Hello! I have this (simplified version) code:

grads = {}
def save_grad(name):
    def hook(grad):
        grads[name] = grad
    return hook

class SimpleNet(nn.Module):
    def __init__(self):
        super().__init__()
        self.linear1 = nn.Linear(2, 1,  bias=False)
        self.linear2 = nn.Linear(1, 2,  bias=False)
            
    def forward(self, x):
        z = self.linear1(x)
        y_pred = self.linear2(z)

        return y_pred, z

for epoch in range(1000):
    model.train()
    for i, dt in enumerate(data.trn_dl):
        optimizer.zero_grad()
        output = model(dt[0])
        
        output[1].register_hook(save_grad('z_x_hat'))
        output[0][0].backward(retain_graph=True)
        z_x_hat = grads['z_x_hat']
        
        output[1].register_hook(save_grad('z_y_hat'))
        output[0][1].backward(retain_graph=True)
        z_y_hat = grads['z_y_hat']
        
        z_x_hat.requires_grad = True
        z_y_hat.requires_grad = True
                                     
        loss = abs(torch.sqrt(z_x_hat**2+z_y_hat**2)-1)
        print(z_x_hat,z_y_hat,loss)
        loss.backward()
        
        optimizer.step()

So my network has 2 outputs (x_hat, y_hat) and I want the loss function to be given by the derivative of the outputs with respect to the value of z (I need this as part of something more complex for the actual project, but this is the part where I am stuck).
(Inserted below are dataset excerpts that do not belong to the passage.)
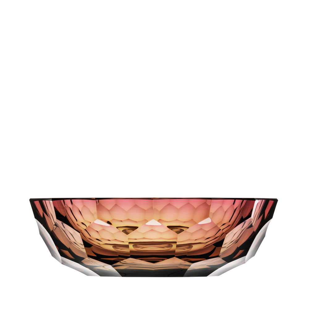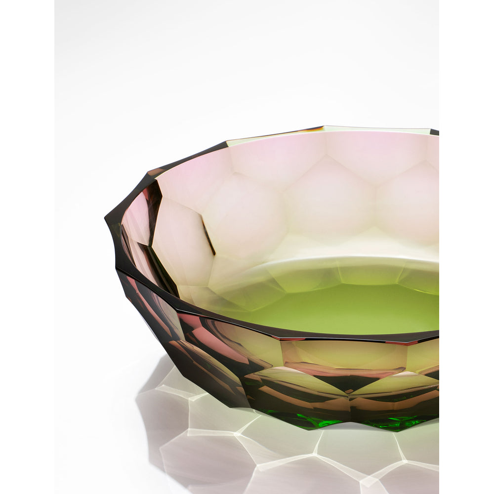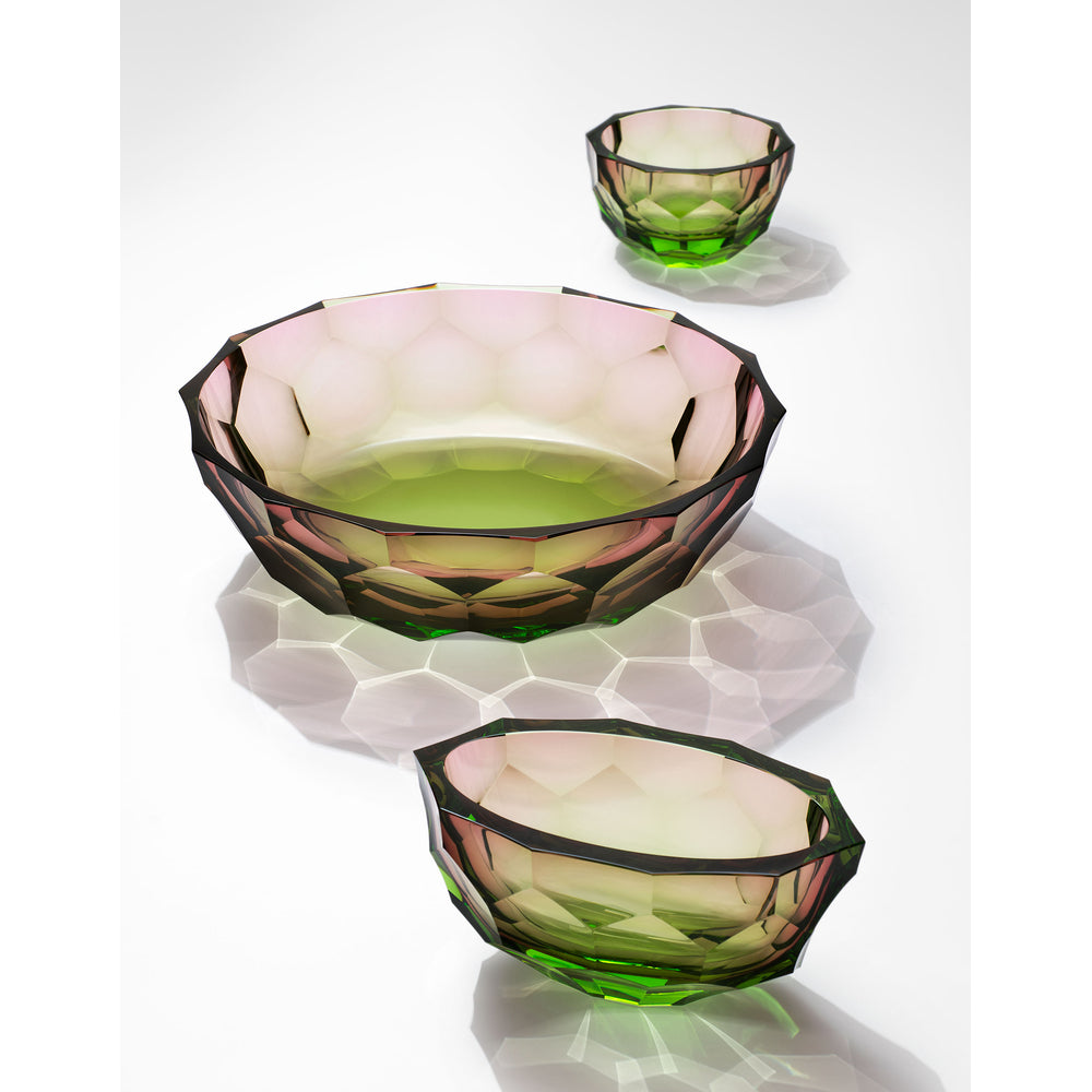 Caorle is a beautiful historic town near Venice, but also a set of mouth-blown cut vases and bowls inspired by the beauty of the town. The basic ovate shape of the robust vase is broken up into a symmetrical geometric decor of a mosaic by an artful cut. The decor is pre-drawn and requires extreme precision on the part of the cutter. Thanks to the popularity of the design of the Caorle vase, the set was expanded in 2020 with bowls.
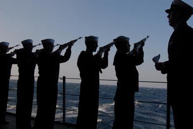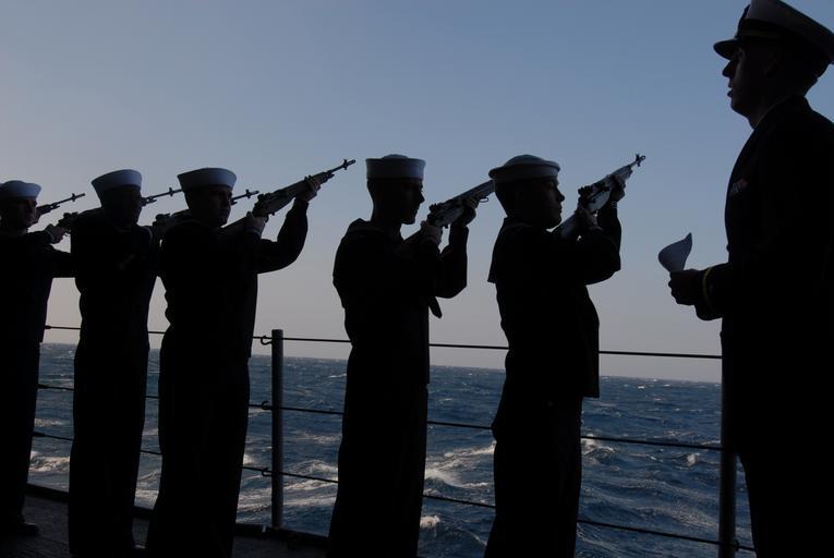 Keywords: US Navy 061202-N-7312S-001 Ensign Christopher Pisani instructs the ship^rsquo,s Honor Guard to fire during a burial at sea for three military working dogs from Commander, Fleet Activities Yokosuka Security department..jpg en Pacific Ocean Dec 2 2006 - Ensign Christopher Pisani instructs the ship s Honor Guard to fire during a burial at sea for three military working dogs from Commander Fleet Activities Yokosuka Security department The remains of Max Art and Connor were accompanied by military dog handlers Chief Master-at-Arms Maria E Soto Master-at-Arms 1st Class Michael B Thomas and Master-at-Arms 3rd Class Mark Anthony Garcia respectively The ceremony took place aboard USS Blue Ridge LCC 19 currently underway in support of bilateral exercise Terminal Fury U S Navy photo by Mass Communication Specialist Seaman Jesse Shuey RELEASED 2006-12-02 061202-N-7312S-001 Navy http //www navy mil/view_image asp id 41334 U S Navy photo by Mass Communication Specialist Seaman Jesse Shuey PD-USGov-Military-Navy Aboard USS Blue Ridge LCC-19 M14 rifle at sea burials |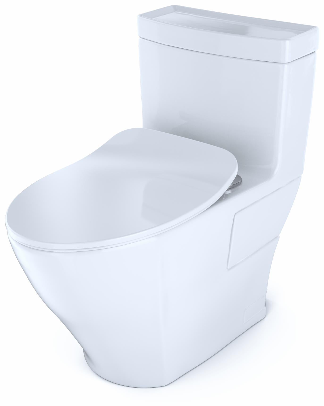 The TOTO Aimes One-Piece Elongated 1.28 GPF Universal Height Skirted Toilet with CEFIONTECT has a bold and modern high-profile design, projecting TOTO’s mark of excellence: “People Planet Water.” The TOTO Aimes features a sleek, one-piece design that will immediately beautify the appearance of your bathroom. The one-piece design is not only aesthetically pleasing, but also offers the benefit of being easier to clean versus a two-piece toilet. By removing the gap between the tank and bowl, we eliminate the hiding place for dirt and debris. An additional benefit of the one-piece toilet is that there is no threat of leaks from bolts or gaskets that can occur in two-piece toilets. The Skirted Design of the TOTO Aimes conceals the trapway, which enhances the elegant look of the toilet and adds an additional level of sophistication. Skirted Design toilets also eliminate the need to reach behind the bowl to clean the nooks and crannies of the exterior trapway. The TOTO Aimes features TOTO’s TORNADO FLUSH, a hole-free rim design with dual-nozzles that creates a centrifugal washing action that assists in rinsing the bowl more efficiently. This version of the TOTO Aimes includes CEFIONTECT, a layer of ceramic glaze that minimizes waste from sticking to ceramic surfaces. This feature, coupled with TORNADO FLUSH, assists to reduce the frequency of toilet cleanings, minimizing the usage of water, harsh chemicals, and time required for cleaning. The TOTO Aimes is designed in TOTO’s Universal Height, which allows for a more comfortable seat position across a wide range of users. This version of the Aimes offers TOTO T40 WASHLET+ compatibility for when you are ready to upgrade. WASHLET+ toilets feature a channel on the bowl surface to help conceal your WASHLET+ supply line and power cord for seamless integration. The Aimes comes ready for install into a 12" rough-in, but may be adapted for a 10" or 14" rough-in with the purchase of a separately sold adapter. The Aimes is ADA compliant and meets the standards for EPA WaterSense, and California’s CEC and CALGreen requirements. The TOTO Aimes has a left-hand chrome trip lever and includes TOTO's brand new ultra slim SoftClose seat, SS234. Additional items needed for installation and use must be purchased separately: wax ring, toilet mounting bolts, and water supply lines.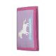 A cute white magical unicorn with pastel red, blue and yellow mane for the little one! Perfect for little girls who love unicorns! Personalize with girl's name on the blue banner with tiny hearts! Purple background can be changed.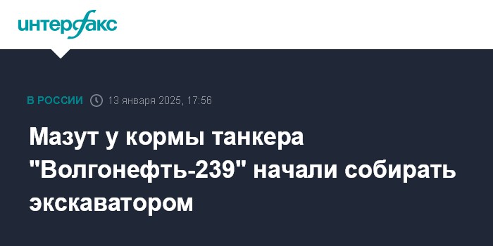 Москва. 13 января. INTERFAX.RU - Экскаваторы и самосвалы приступили к работам по сбору мазута у севшего на мель в Керченском проливе танкера "Волгонефть-239", сообщает оперштаб Краснодарского края.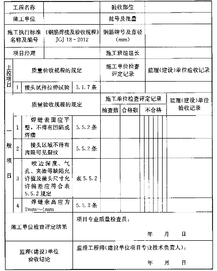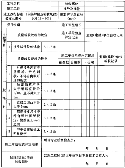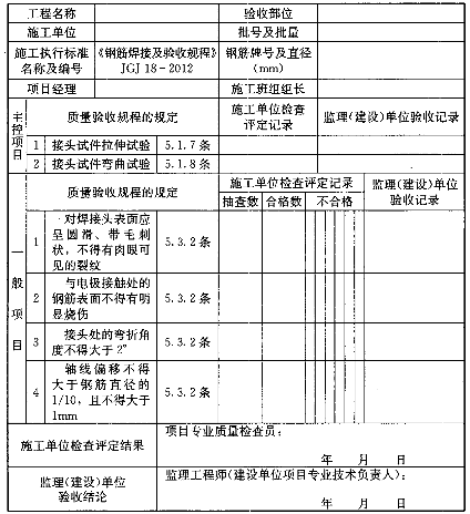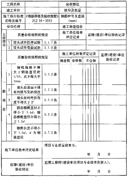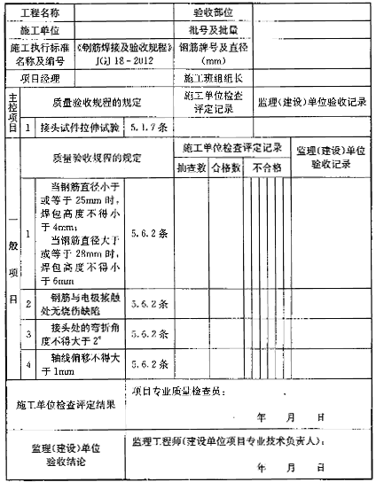 附錄A 鋼筋焊接接頭檢驗批質(zhì)量驗收記錄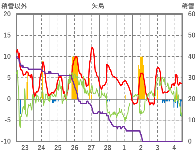 | 日 | 時 | 気温 | 降水 | 風向/風速 | 日照 | 積雪 | 降雪 |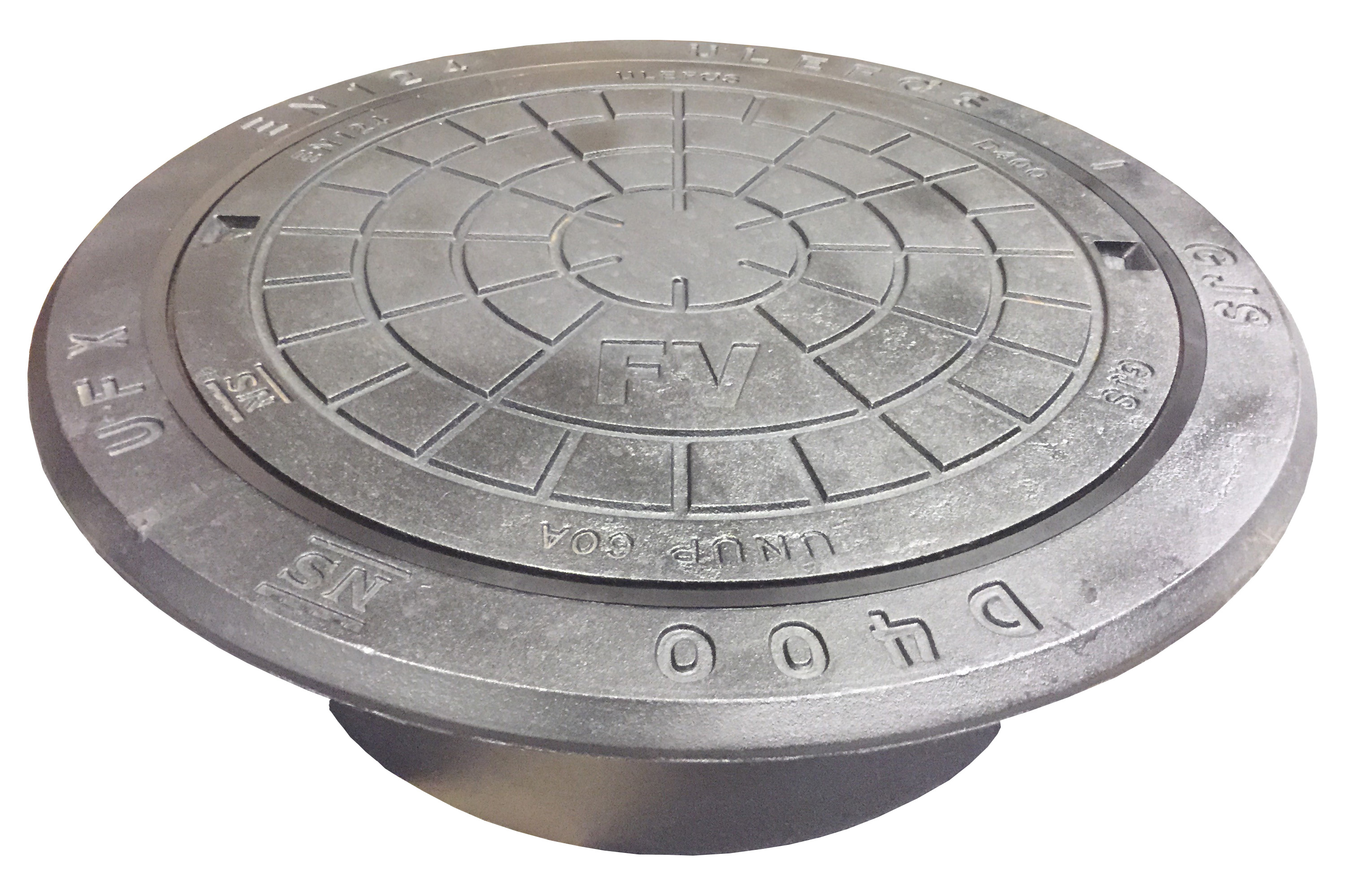 Rund betäckning med lock för brunn med dagöppning 600, UP-packning NBR, täta nyckelhål, segjärn, märkt FV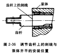 在裝配調(diào)節(jié)齒桿時,齒桿上的刻線應(yīng)與泵體齊平,如 圖2-36所示。若向內(nèi)移入過多而看不到刻線,為最大油量過大;若向外移出過多,為最大油量過小,都必須進(jìn)行調(diào)整。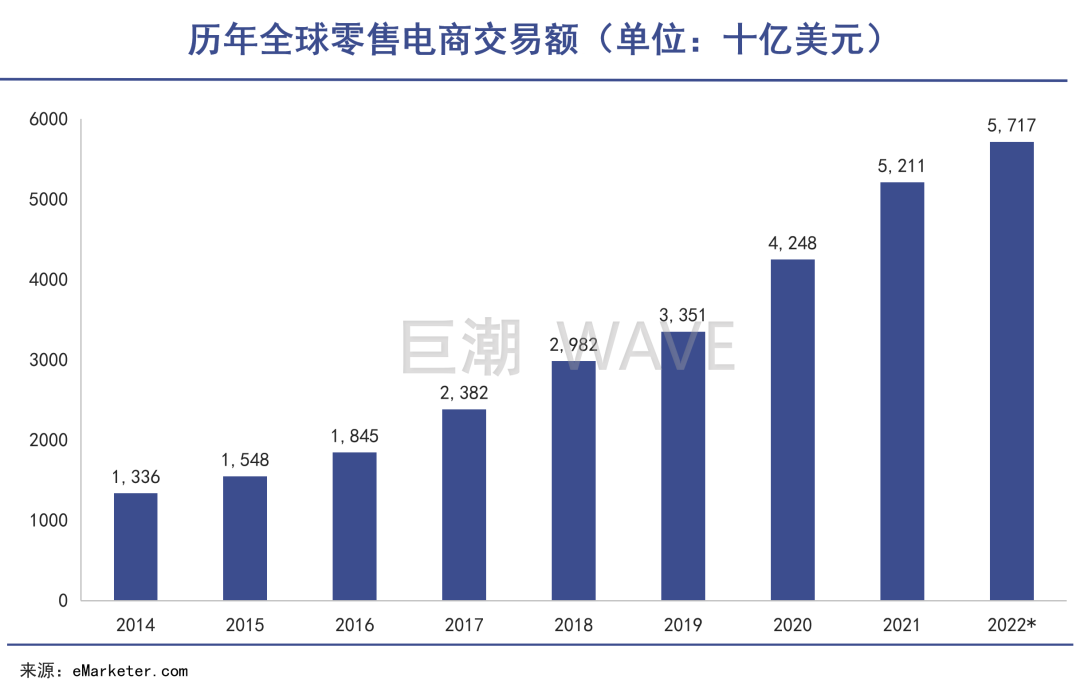 相关机构发布的数据来看,2022年全球零售总额超过27万亿美元,其中,零售电商销售额约为5.7万亿美元,占比超过21%。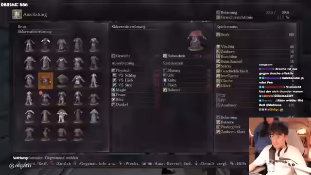 04:22:24Um seine Chancen zu verbessern, unternimmt der Streamer taktische Anpassungen. Er wechselt die Waffe, um mehr Schaden zu erzielen, und optimiert seine Rüstung für höhere Feuerresistenz, was ihn jedoch in puncto Mobilität ('Lightroll') anfälliger macht. Auch die Positionierung wird analysiert; er muss nah am Boss bleiben, um den Lasern aus dem Weg zu gehen, und gleichzeitig versuchen, unter ihm ausweichen zu können, um dem Feuerkotzen zu entgehen. Dennoch enden die meisten Versuche im Tod.

In this simple case, the derivatives are just the value of the weights from z to x_hat and z to y_hat (in the real case is the product of all the partial derivatives from x_hat to z). Using the code above:

output[1].register_hook(save_grad('z_x_hat'))
output[0][0].backward(retain_graph=True)
z_x_hat = grads['z_x_hat']

I am able to get the value of this derivative (and hence the weight), but the problem is that I need to use retain_graph=True in order to do that, and that screws up my whole backprop, as I want to optimize the network using backprop only on the loss at the end, not on these intermediate calls. Can someone help me with this? Thank you!